Work instructions:
As the answer, give exactly the lines of the records below from the one with "TE Part # 964768-2" through the one with "Edith in Göttingen, Winter semester 1913-14.", ends included and pictures left out.

---*---

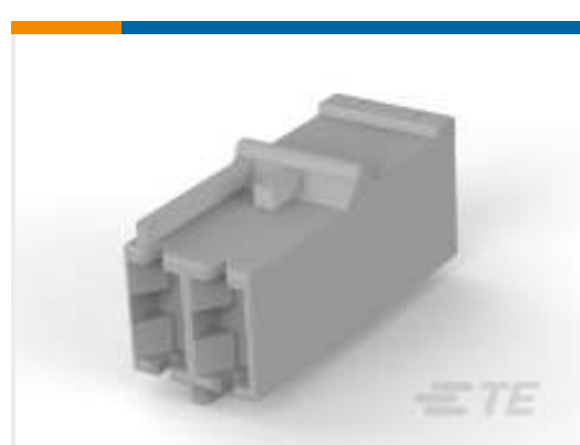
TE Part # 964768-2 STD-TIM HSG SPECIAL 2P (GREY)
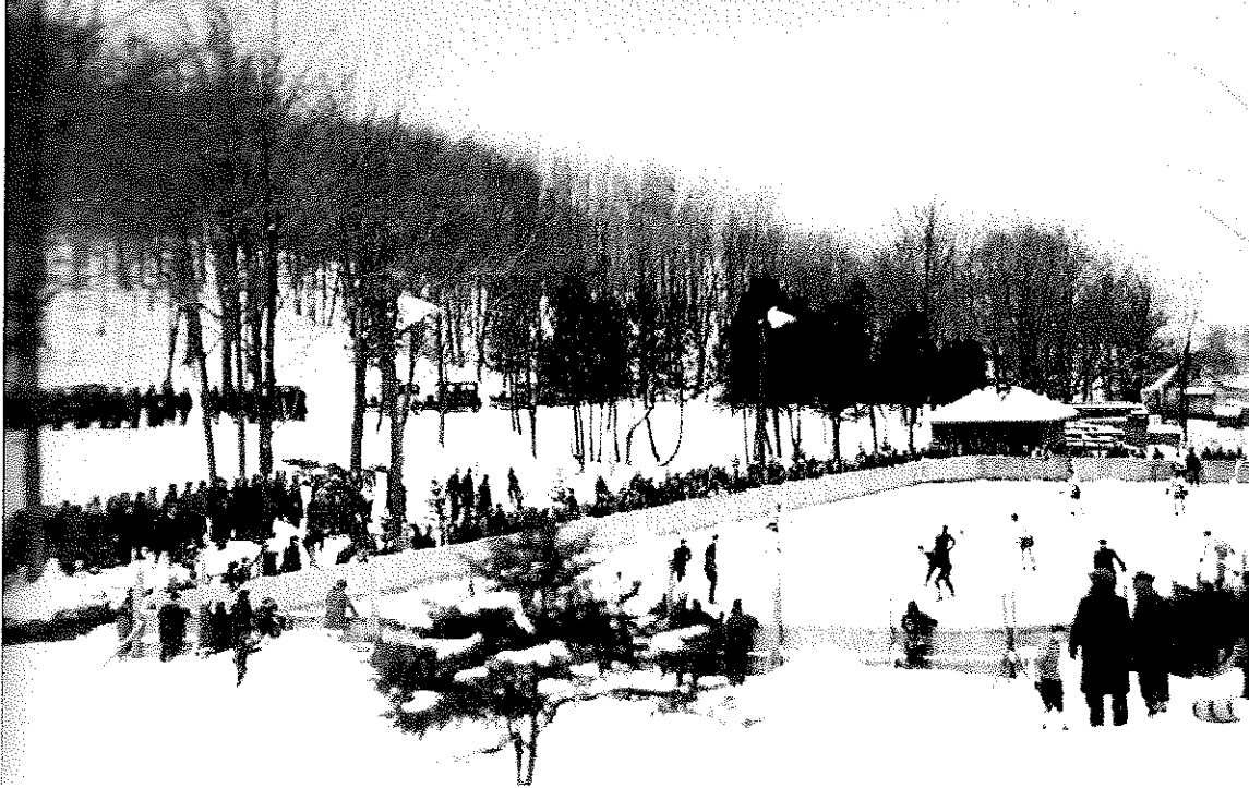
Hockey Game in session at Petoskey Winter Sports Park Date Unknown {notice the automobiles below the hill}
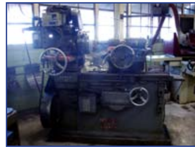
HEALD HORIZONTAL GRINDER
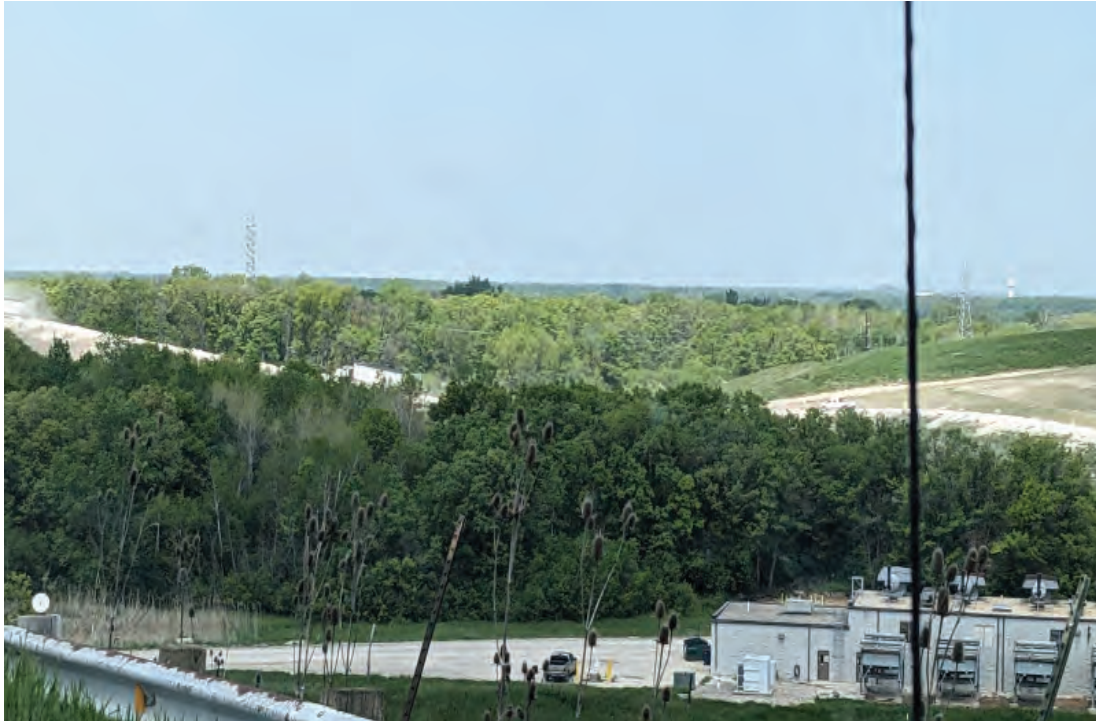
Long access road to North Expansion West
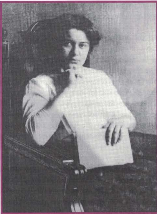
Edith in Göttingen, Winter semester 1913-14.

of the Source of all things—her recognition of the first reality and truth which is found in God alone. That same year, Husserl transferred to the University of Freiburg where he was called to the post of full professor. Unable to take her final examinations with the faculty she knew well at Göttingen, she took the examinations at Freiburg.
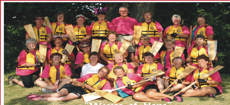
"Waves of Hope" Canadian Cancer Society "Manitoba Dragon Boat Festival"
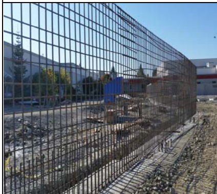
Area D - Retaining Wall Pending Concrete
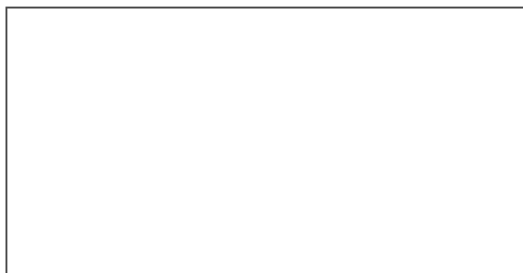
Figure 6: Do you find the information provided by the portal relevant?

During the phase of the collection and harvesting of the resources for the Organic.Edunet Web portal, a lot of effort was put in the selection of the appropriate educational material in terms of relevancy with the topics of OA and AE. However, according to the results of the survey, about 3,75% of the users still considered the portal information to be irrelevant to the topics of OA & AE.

---*---

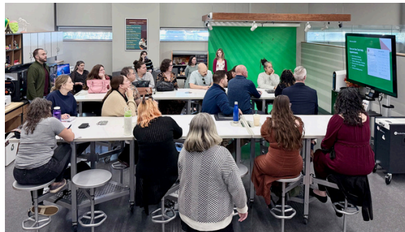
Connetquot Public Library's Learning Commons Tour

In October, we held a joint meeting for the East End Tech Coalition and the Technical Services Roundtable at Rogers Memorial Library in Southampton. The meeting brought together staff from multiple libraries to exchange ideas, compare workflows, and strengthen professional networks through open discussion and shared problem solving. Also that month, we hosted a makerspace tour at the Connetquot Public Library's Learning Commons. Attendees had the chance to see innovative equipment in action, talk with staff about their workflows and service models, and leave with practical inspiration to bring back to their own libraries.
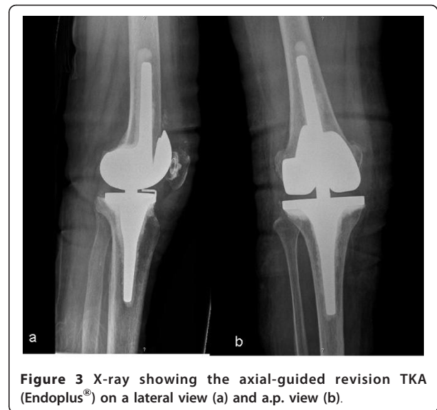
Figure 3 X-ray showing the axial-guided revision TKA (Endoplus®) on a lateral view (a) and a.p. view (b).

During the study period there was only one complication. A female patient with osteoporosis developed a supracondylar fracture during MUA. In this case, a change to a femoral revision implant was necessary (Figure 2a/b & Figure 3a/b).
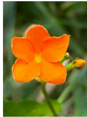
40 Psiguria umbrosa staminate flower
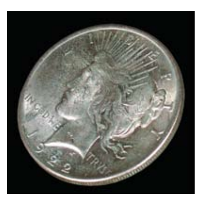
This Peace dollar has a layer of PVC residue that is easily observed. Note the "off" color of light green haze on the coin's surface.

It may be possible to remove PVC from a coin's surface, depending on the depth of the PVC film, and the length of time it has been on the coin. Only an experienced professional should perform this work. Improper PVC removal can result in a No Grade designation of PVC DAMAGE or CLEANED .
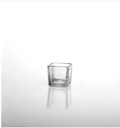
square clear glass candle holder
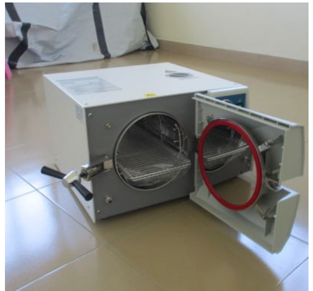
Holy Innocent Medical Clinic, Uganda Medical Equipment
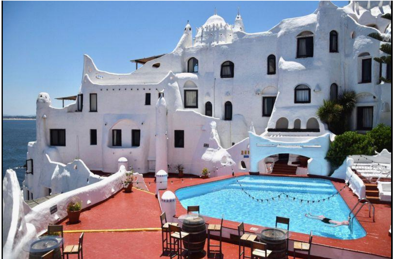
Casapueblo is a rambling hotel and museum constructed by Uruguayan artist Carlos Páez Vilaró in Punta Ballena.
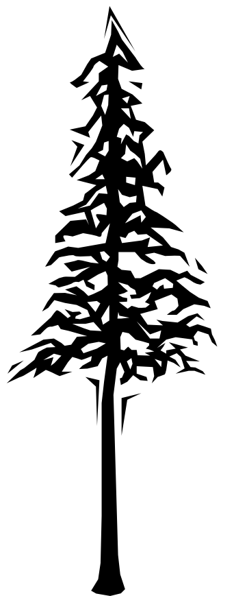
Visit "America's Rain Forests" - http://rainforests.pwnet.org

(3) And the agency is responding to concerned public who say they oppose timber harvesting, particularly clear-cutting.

---*---

The completed task:
TE Part # 964768-2 STD-TIM HSG SPECIAL 2P (GREY)
Hockey Game in session at Petoskey Winter Sports Park Date Unknown {notice the automobiles below the hill}
HEALD HORIZONTAL GRINDER
Long access road to North Expansion West
Edith in Göttingen, Winter semester 1913-14.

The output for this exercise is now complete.